Looking for more information on this topic? I’ve looked around the online retail arbitrage community and this book, Arbitrage: The authoritative guide on how it works, why it works, and how it can work for you, by Chris Green, seems to be a favorite for getting started with retail arbitrage. Chris even includes his phone number in the book so you can call with questions.

Have you ever found some great items that were priced incorrectly? Did you take advantage of it? Have you ever thought about selling things on Amazon using retail arbitrage?

About Hank Coleman

Hank Coleman is a fan of everything personal finance. He's the creator of the popular site Money Q&A, as well as other financial sites. Hank is currently studying to become a CFP. His freelance writing work can be seen across a variety of top-notch publications in finance and investing.
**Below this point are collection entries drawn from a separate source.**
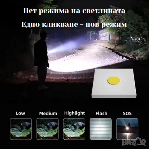 Режими: 5 режима (ниско, средно, високо, мигащо, SOS)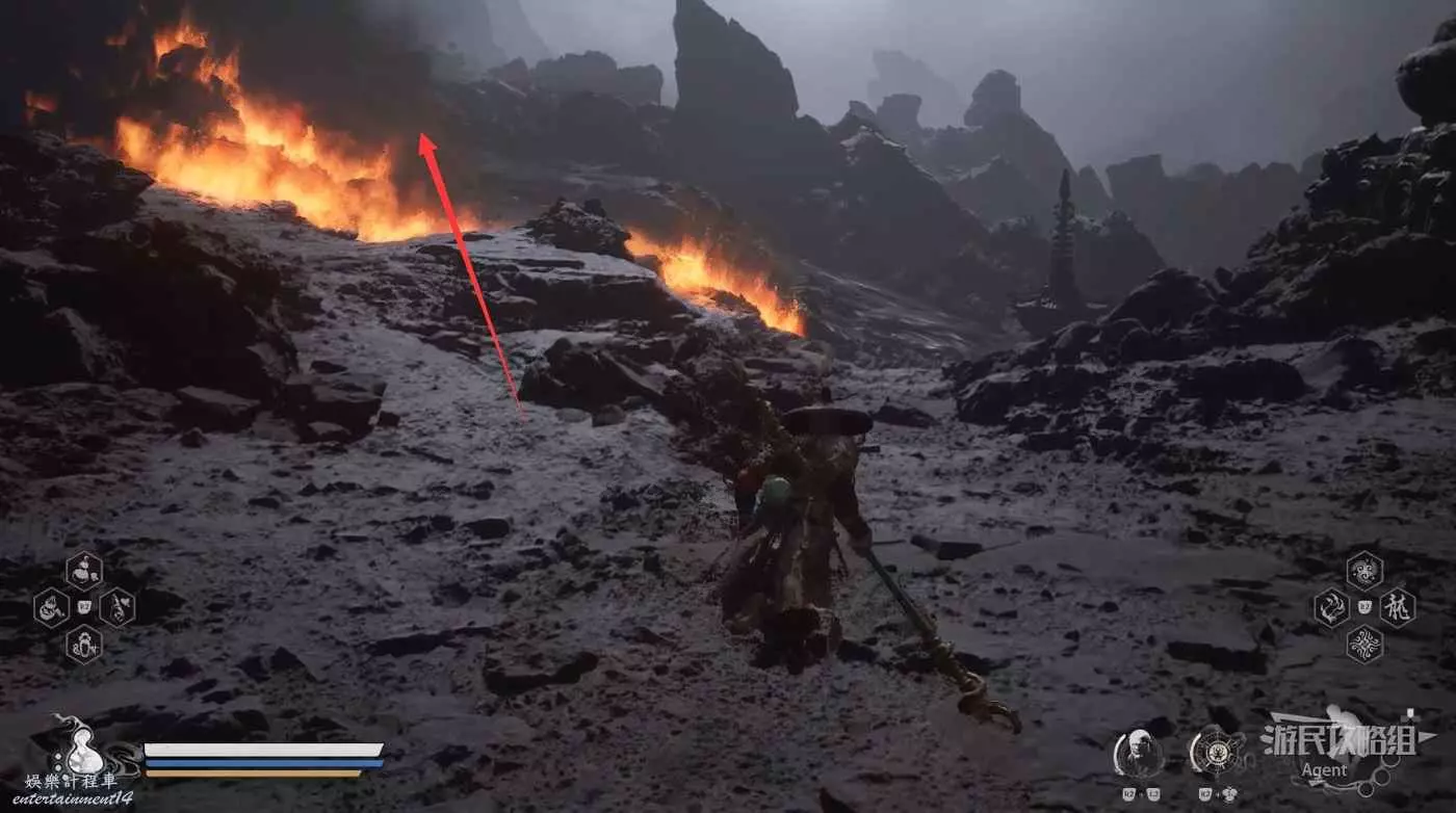 跟隨小狐狸穿過隧道,看到被火擋住的路,等後面芭蕉扇滅火後就能走了,通往隱藏關卡。不過這條路並沒什麼用,因為我們會從另一邊過去。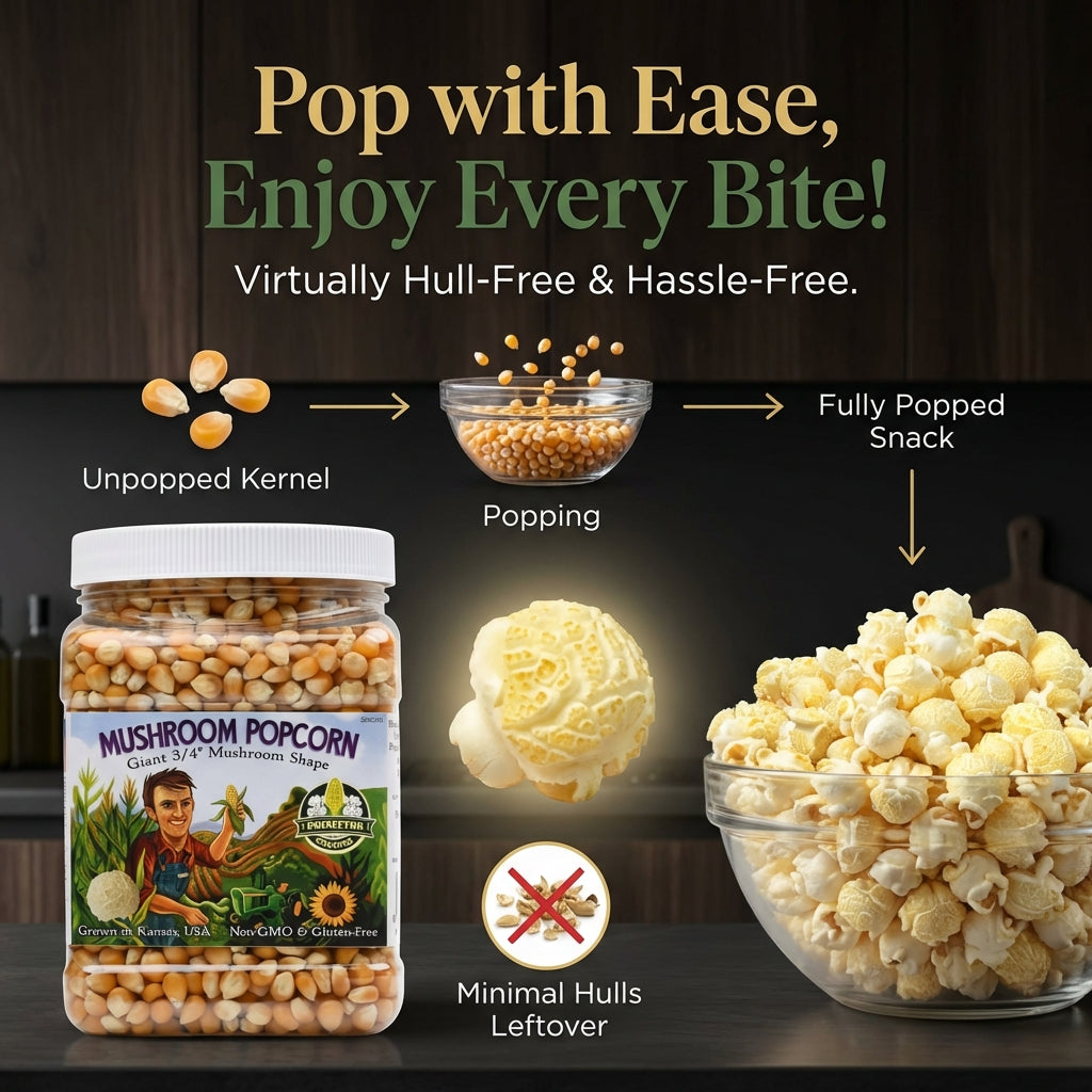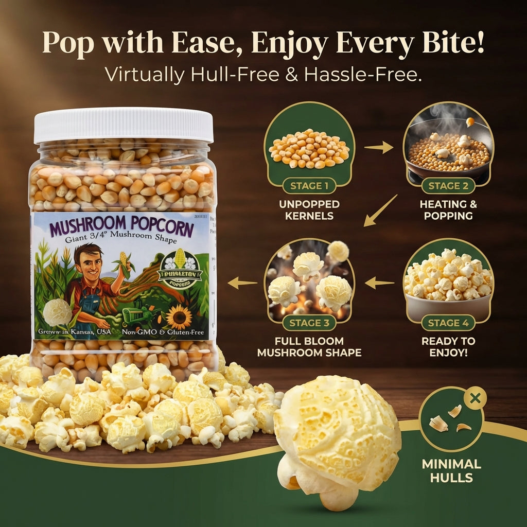 Realmente nunca verás palomitas de maíz como estas en tu vida. Cuando se revientan con una máquina de aire comprimido, aceite caliente o una estufa, los granos se convierten en una gran bola de palomitas de maíz con forma de hongo. Nuestros clientes han dicho que son las palomitas de maíz más grandes que jamás hayan visto, ¡lo que les recuerda sus nostálgicos días de feria estatal! No recomendado para hacer estallar en microondas. Los granos explotarán pero no mantendrán una forma de hongo consistente ni alcanzarán su tamaño completo.

  1. CommonCentsWealth says:

    Nice article.  I have sold many things online for more than I bought it for in a store, but it’s tough.  Most of the time I find good deals at garage stroes and then sell them.  The big thing to realize is that Amazon takes 10-15% of the sale price.  So you need to make sure you can sell it for at least 15% higher than what you bought it for.

    • hankcoleman says:

      CommonCentsWealth That’s a great reminder. Many retail arbitrage experts even recommend buying items that sell for 100% more on Amazon to get your overhead costs covered.

  2. OneSmartDollar says:

    Awesome article.  I actually just started doing this as a credit card rewards strategy.

    • hankcoleman says:

      OneSmartDollar That’s a great idea to get even more out of it with your credit card rewards. Where are you finding the items that you buy to later sell on Amazon?

      • OneSmartDollar says:

        hankcoleman OneSmartDollar Right now I am focusing on the office supply stores because i have a 5X card.  If I decide I want to do this for income I will branch out to other stores.  I am just starting so I want to get my feet wet first.